Organosulfur compounds, which are organic compounds containing sulfur, are important in various fields such as pharmaceuticals, biomedical imaging, agriculture, and electronics. Compounds like phenothiazine, thianthrene, and thienothiophene, which contain organosulfur skeletons, play key roles in these areas. The use of o-bromobenzenethiols as a key component in synthesizing these compounds has been developed due to the high reactivity of the thiol and bromine moieties in these compounds.
Traditional methods for producing o-bromobenzenethiols involve adding bromine to aniline and using diazonium intermediates to add sulfur. However, this process has challenges such as selective bromine addition at the ortho position, difficulties with certain chemical groups, and the tendency of o-bromobenzenethiols to easily oxidize in air, releasing unpleasant odors. Recently, a new method has been discovered to synthesize complex aromatic compounds by selectively adding molecules to aryne intermediates, but creating o-bromobenzenethiols through this process has been difficult due to the reactivity of sulfur-containing compounds.
To address this challenge, Associate Professor Suguru Yoshida and Mr. Shinya Tabata at Tokyo University of Science developed a new method for synthesizing stable o-bromobenzenethiol equivalents. By bromothiolation of aryne intermediates with an appropriate hydrogen sulfide equivalent and electrophilic brominating reagent, they were able to control reactivity at the sulfur atom and prevent subsequent additions with aryne intermediates. This method, utilizing potassium xanthate and pentafluorophenyl bromide, allowed for the efficient production of complex o-bromobenzenethiol equivalents called aryl xanthates.

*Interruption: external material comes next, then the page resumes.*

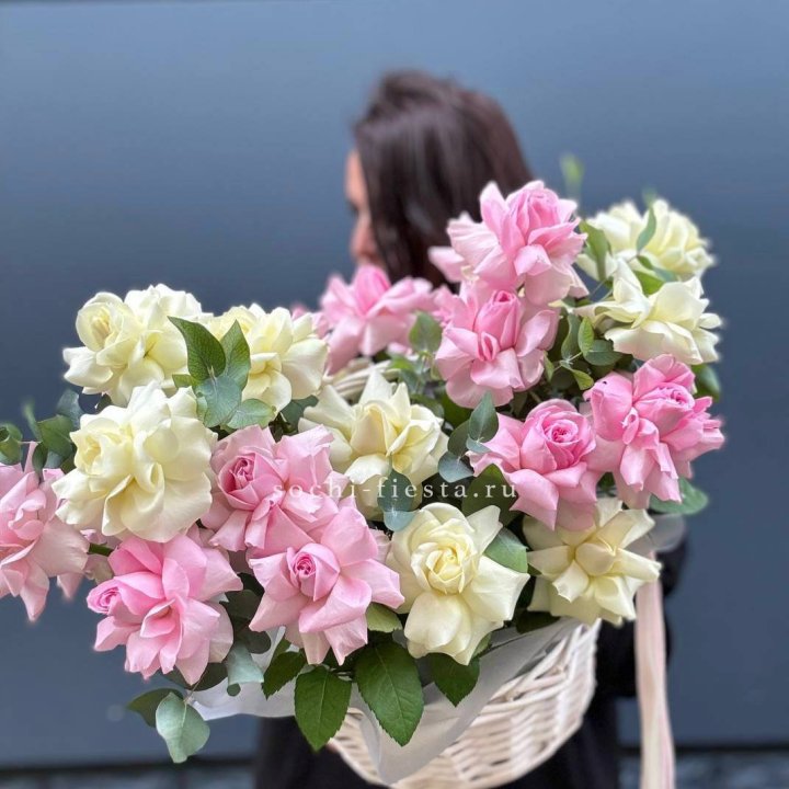 Именинная корзина в Невинномысске — самый популярный частный формат. Флорист создаёт куполообразную аранжировку в плетёной корзине диаметром 35-55 см. Розы или пионы в основе, зелень и декоративные акценты — нарядный объект, который сразу создаёт торжественную атмосферу. Именно такую корзину несут на юбилей или важный день рождения, когда хотят, чтобы подарок был виден и запомнился.

The use of aryl xanthates in this method demonstrated good tolerance for various chemical groups and prevented the formation of unwanted products. With this approach, the researchers were able to prepare diverse highly functionalized organosulfur compounds such as phenothiazines and thianthrenes using simple protocols without any foul odor. The versatility of this method enables the synthesis of a wide variety of organosulfur compounds with highly fused organosulfur skeletons and has the potential to streamline the synthesis of multi-substituted organosulfurs for drug discovery.
The new method developed by Prof. Yoshida and Mr. Tabata opens up possibilities for synthesizing novel organosulfur compounds with complex structures that were difficult to achieve using traditional methods. This could lead to the discovery of new drugs, eco-friendly agrochemicals for sustainable agriculture, advanced materials, and organic electronics. Further studies are underway to expand the scope and applications of this method for synthesizing bioactive organosulfur compounds in their laboratory, highlighting the potential impact of this research on various fields.